Latest revision as of 13:12, 15 June 2021









Procedure

Buckle up...

SolidWorks

Train Whistle Body

Step 1: Open SolidWorks 2020, and select a new part. Don't forget to save your file frequently as you go. In the bottom-right corner of your SolidWorks window, change the units to IPS (inch, pound, second).

TW1.png



Step 2: Select the Top Plane in the design tree (the left column on your screen) to begin your sketch. Click on the Sketch tab above and click Sketch.

TW2.png



Step 3: Draw a rectangle with its bottom-left corner coincident with the origin. Use the Smart Dimension tool to make this rectangle a square with 3/4-inch sides.

TW3.png



Step 4: Go to the Features tab and click on Extruded Boss/Base. Click on the Reverse Direction icon underneath the Direction 1 section in the left column to ensure that the square is extruded in the negative "y" direction. Set the depth to 9.5 inches, and click the green checkmark when you are finished.

TW4.png



Step 5: You should now have a solid square column. On the Features tab, click on Reference Geometry and select a Plane. The left column will ask for three reference points; choose the origin, the diagonal point across the 3/4-inch square, and the point at the bottom of the extrusion as shown in the screenshot. If you imagine the square column as a really tall sandwich with the 3/4-inch squares at the top and bottom acting as the pieces of bread, the reference plane we are creating acts as the knife that cuts the sandwich diagonally into two triangular sandwich halves. Click the green checkmark when you are finished.

TW5.png



Step 6: We are now going to draw a sketch on the plane we just created. With the plane selected, go to the Sketch tab and click on Sketch. Draw a rectangle starting from the origin to the opposite diagonal edge. You can make this rectangle a construction rectangle by checking the For Construction box in the left column. Use the Smart Dimension tool to set the vertical side of the rectangle to 3/4 inch. Now would be a good time to double-check that your drawing is fully defined in the bottom right corner of the screen.

TW6.png



Step 7: From the bottom right corner of the rectangle, draw a vertical line along the edge of square column. Use the Smart Dimension tool to set the length to 3/4 inch.

TW7.png



Step 8: Draw a diagonal line from the vertical line to the midpoint of the rectangle's bottom line as shown in the screenshot.

TW8.png



Step 9: Finally, to ensure SolidWorks knows we are creating a closed area, draw a line from the midpoint of the rectangle's bottom line to the edge of the rectangle (featured in purple in the screenshot).

TW9.png



Step 10: This next step will be a lot easier if you select the plane and click on the Section View icon at the top of your drawing space.

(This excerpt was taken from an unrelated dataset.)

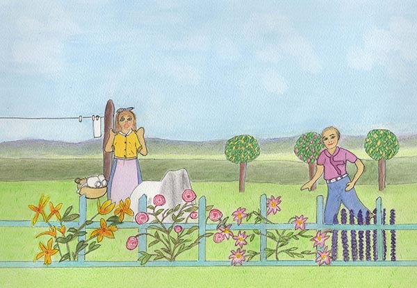 A: I quite like most of my drawings that I have created for my book. My favourites are: Mrs Hopper hanging clothes on the clothes – line. Mrs Hopper discovering a “wild animal” rolling around on her newly washed sheets. Jamie’s Dad sawing wood in the garden, Jamie feeding Jojo in the kitchen, Jamie’s Dream, Jojo’s Toys, Playing with Jojo. Jamie coaxing Jojo into the trailer.

This will allow you to see a cross-section of the square column and select the enclosed area in the sketch easier. Click the green checkmark. SolidWorks often indicates enclosed areas in a sketch with darker shading as shown in the screenshot below (hence the darker triangle that we just drew). While you are here, use the Smart Dimension tool to measure the angle as shown in the second screenshot below. You should get about 35.26 degrees. Remember this angle because we will need it when making cuts on the wood bandsaw.

TW10.png
TW10.1.png



Step 11: Select the triangular area, go to the Features tab, and click on Extruded Cut. In the left column, check the box for Direction 2 so that the extruded cut is extending both directions out of the reference plane. Click the green checkmark when you are finished.

TW11.png



Step 12: Click the Section View icon again to see the full drawing again. Hold the Shift key and select both the top face and the extruded cut face as shown in the screenshot below.

TW12.png



Step 13: Go to the Features tab and click the drop-down arrow under Linear Pattern. Click on Circular Pattern. With any luck, both the Boss Extrude and the Cut Extrude will have automatically populated the Features and Faces section in the left column. Choose the Pattern Axis as the edge of the square column that is opposite the Cut Extrude that we performed in a previous step. There's more than one way to get the correct number of instances and spacing. In this example, I chose 4 instances equally spaced over 360 degrees. When everything looks good, click the green checkmark.

TW13.png



Step 14: Select the Top Plane in the Design Tree and start a new sketch by going to the Sketch tab and clicking Sketch. It also helps to be "Normal To" your sketching plane; you can find that icon by clicking on the Top Plane in the Design Tree. On the Sketch tab, click the drop-down arrow next to the rectangle and choose Center Rectangle. Draw a rectangle centered on the origin by clicking on the origin and dragging. Check the "For Construction" box in the left column before clicking the green checkmark. Use the Smart Dimension tool to make the rectangle a square with sides at 5/8 inch (0.625 inch).

TW14.png



Step 15: Draw four circles--one centered on each corner of the construction square. Use the Smart Dimension tool to set the diameter of each circle at 1/2 inch.

TW15.png



Step 16: On the Features tab, click the Extruded Cut to create the four drilled holes. There's room for creativity here in choosing the depth of your drilled holes because the depth of the hole directly affects the frequency at which it resonates. For now, set the depth of all four holes to 4 7/16 inches (4.4375 inches).

TW16.png



Step 17: If math equations give you the urge to throw up, you'll definitely want to skip this step. This step will explain how you can attempt to "tune" your train whistle to a certain pitch or chord. The train whistle will still sound good even if you pick random hole depths; you can even choose to make all the holes the same depth for a single tone too. Two pieces of advice... First, I wouldn't recommend drilling a hole that is within a half inch of the total length of the workpiece (in our case, that means don't drill a hole deeper than 9 inches) because you don't want to accidentally drill through the bottom. Secondly, I wouldn't recommend drilling a hole shorter than 3 inches. Holes this short require a very fast stream of air to resonate, and they may not work well alongside the other deeper holes. The general rule of thumb is that deeper holes require less air to resonate than shorter holes.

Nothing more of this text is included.